Return only the lines from the top of the data down to the one that holds "Nemesis Safety Glasses, Black", both included, without any pictures.

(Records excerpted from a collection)
>>>
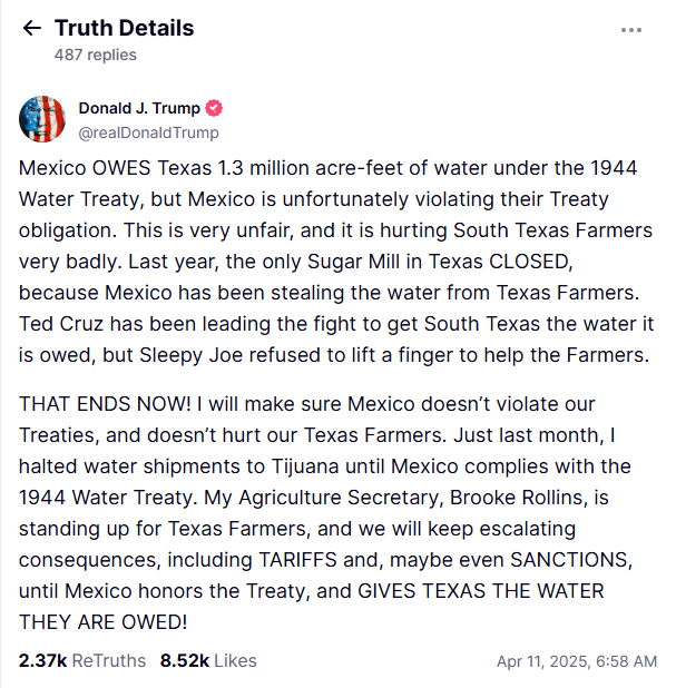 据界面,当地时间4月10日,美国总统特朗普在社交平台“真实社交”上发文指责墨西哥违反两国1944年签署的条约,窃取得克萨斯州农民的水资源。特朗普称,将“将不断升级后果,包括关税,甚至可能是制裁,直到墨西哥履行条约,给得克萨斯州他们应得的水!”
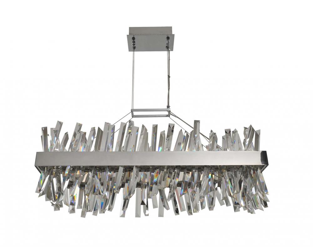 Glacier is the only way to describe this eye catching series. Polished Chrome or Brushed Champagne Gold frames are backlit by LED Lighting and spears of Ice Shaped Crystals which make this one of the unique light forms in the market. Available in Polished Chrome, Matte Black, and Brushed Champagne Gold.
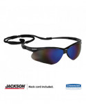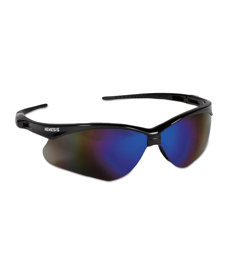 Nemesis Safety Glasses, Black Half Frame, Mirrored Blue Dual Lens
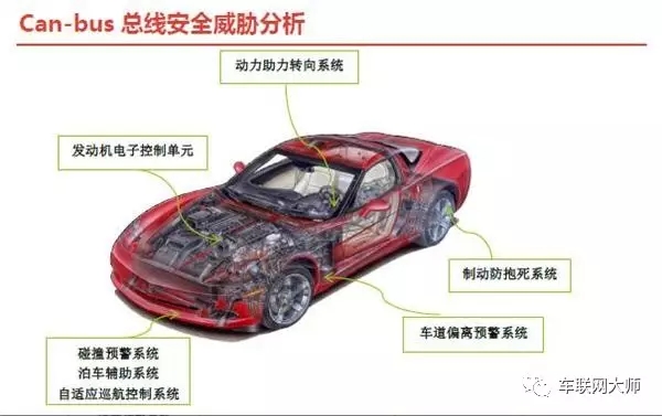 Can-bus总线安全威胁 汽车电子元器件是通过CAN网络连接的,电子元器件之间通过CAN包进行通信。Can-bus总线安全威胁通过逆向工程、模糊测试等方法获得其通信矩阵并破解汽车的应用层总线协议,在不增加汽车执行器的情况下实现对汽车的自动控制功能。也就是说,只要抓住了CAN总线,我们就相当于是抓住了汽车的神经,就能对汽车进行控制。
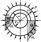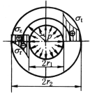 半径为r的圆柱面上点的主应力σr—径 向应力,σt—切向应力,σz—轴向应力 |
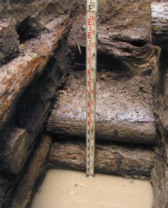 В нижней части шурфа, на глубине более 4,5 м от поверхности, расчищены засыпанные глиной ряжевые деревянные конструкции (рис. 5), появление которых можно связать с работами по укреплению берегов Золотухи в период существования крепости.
<<<
**Exercise answer**:
 据界面,当地时间4月10日,美国总统特朗普在社交平台“真实社交”上发文指责墨西哥违反两国1944年签署的条约,窃取得克萨斯州农民的水资源。特朗普称,将“将不断升级后果,包括关税,甚至可能是制裁,直到墨西哥履行条约,给得克萨斯州他们应得的水!”
 Glacier is the only way to describe this eye catching series. Polished Chrome or Brushed Champagne Gold frames are backlit by LED Lighting and spears of Ice Shaped Crystals which make this one of the unique light forms in the market. Available in Polished Chrome, Matte Black, and Brushed Champagne Gold.
 Nemesis Safety Glasses, Black Half Frame, Mirrored Blue Dual Lens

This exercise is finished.